The not-so-great thing about effective contraception is that it empowers sexually predatory males (as does abortion).

Sexually predatory males leave a trail of deeply harmed women who become anti-male feminists.

The sexual revolution has been a disaster.

    CommoChief in reply to gibbie. | July 15, 2023 at 10:22 am

    The women who chose to chase after the ‘bad boy’ who ticks all her attraction boxes doesn’t lack agency. She made her choice(s), often repeatedly in a series of frivolous sexual encounters. These adult women could have chosen to date with the intention of marriage; only date men who are also marriage minded. They chose the ‘bad boy’ instead of the ‘nice guy’.

    What you are doing here, whether you realize it or not, is seeking to take accountability off the women who voluntarily made their poor choices and place all the blame onto men. It isn’t mens fault that most women choose to date/have sex with the ‘hot’ dude who has a bunch of other options for sexual conquest and chooses to exercise those options. She could have chosen to date the nice, stable dude in accounting who wouldn’t cheat on her or treat her shabby but he was ‘boring’ so….

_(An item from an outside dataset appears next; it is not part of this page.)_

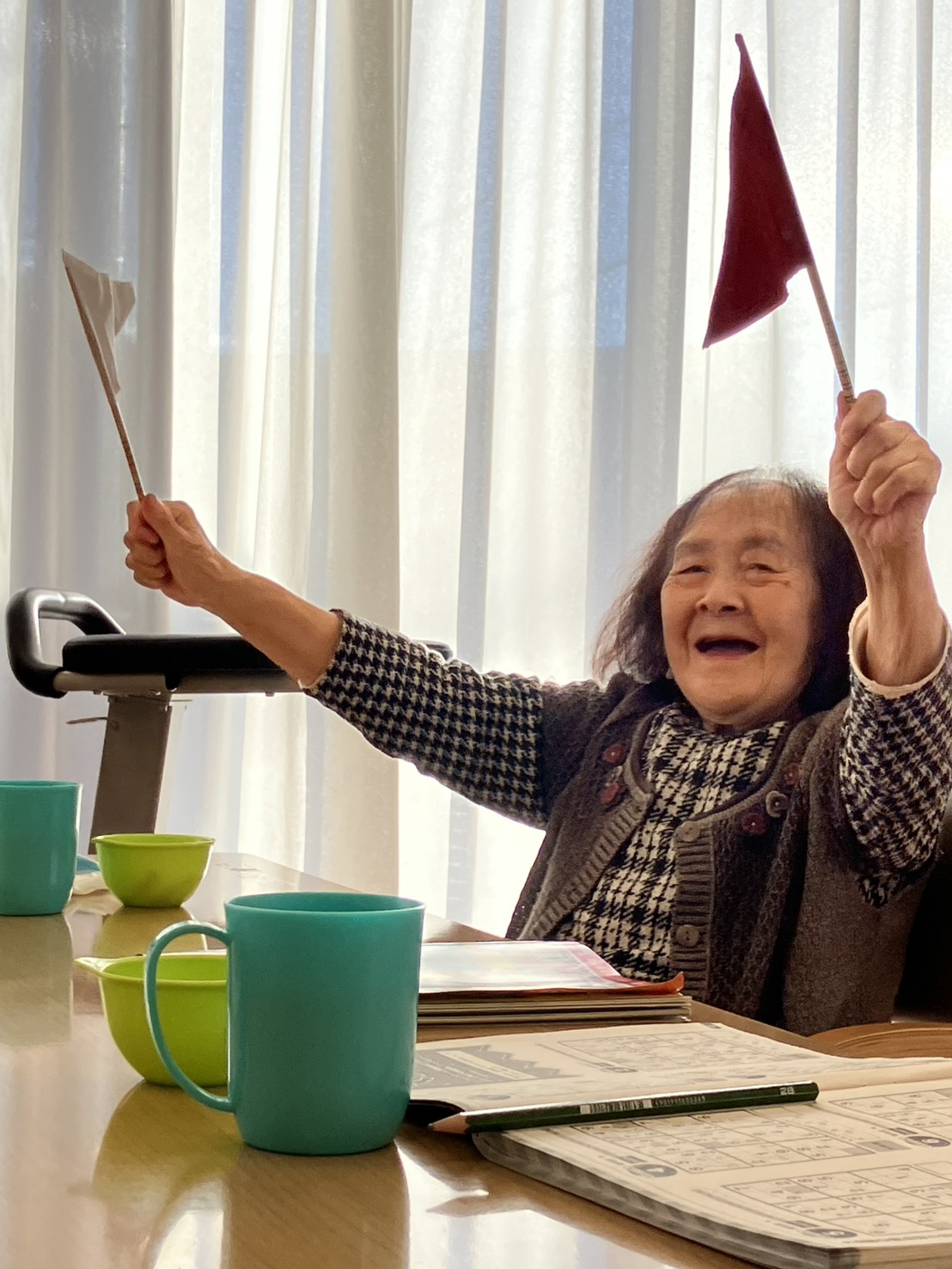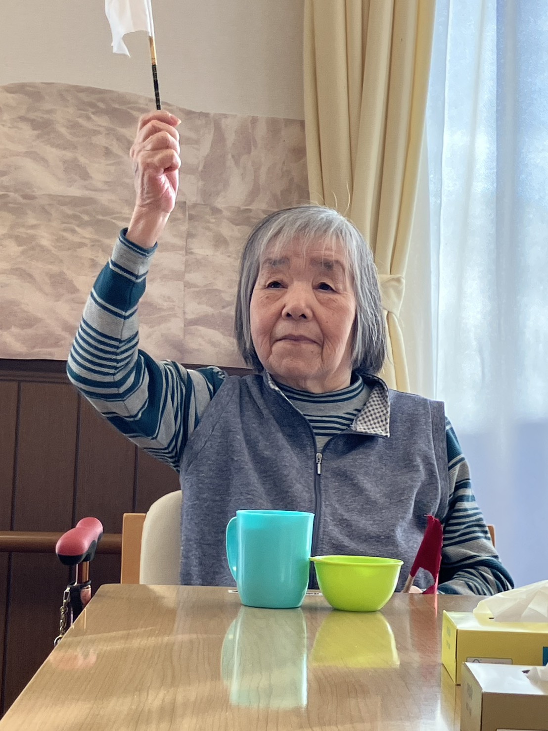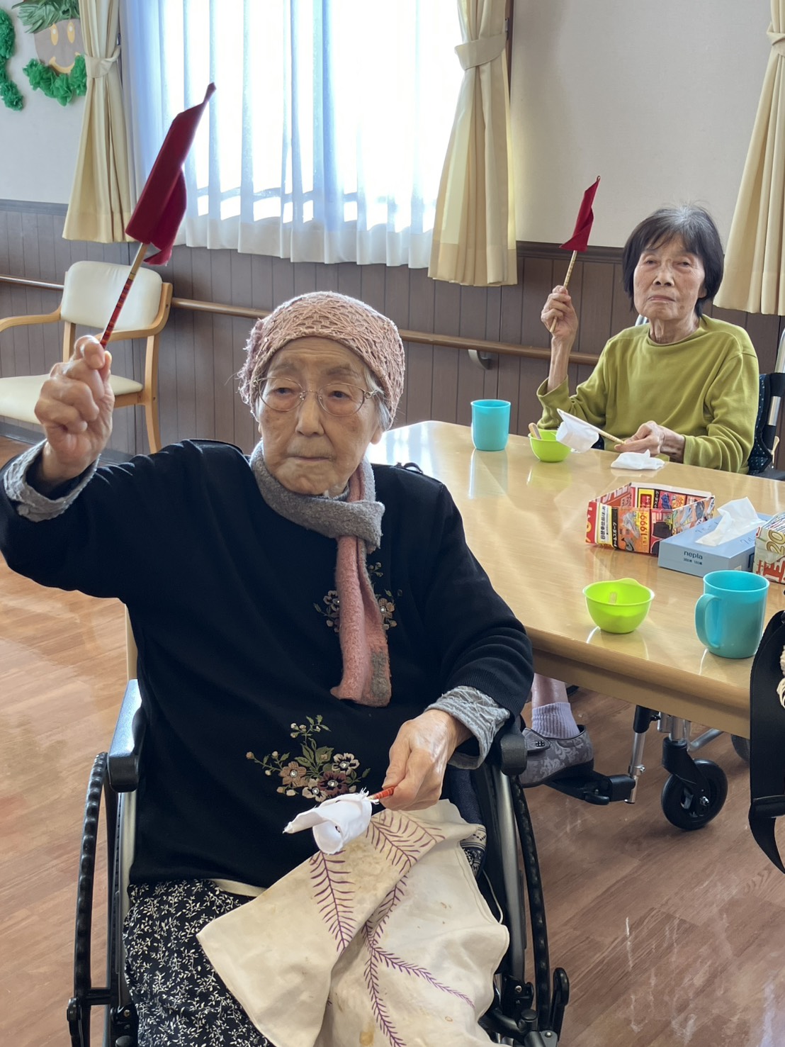 今日は、レクリエーションで行った旗揚げゲームの

    I do agree about the disaster of the sexual revolution. It empowered women to seek recreational sex just as men have done for centuries. With the addition of social media, a pretty young woman in small town USA now gets likes and contacts from men the world over. Some hot rich guy in Miami offers to fly her into town and the nice guy next door neighbor whom she would have married fifty years ago pales in comparison to the guy from Miami.

    It’s created a situation where the top tier of men, top 15% in looks, height, finance, status are being competed for by the top 1/2 of women. Dating app stats demonstrate this. Women swipe right (select a man as a match) less than 10% of the time. Men swipe right 50% of the time.

    Bottom line is the top half of women are jumping into bed with the top 10% or so of men. That’s why roughly 1/3 of men age 18-30 is either a virgin or hasn’t had sex in the past year. Women have far more sexual agency than men and the sexual revolution has empowered them, encouraged even, to go out and act like the men they say they despise; the bad boys who hop from bed to bed.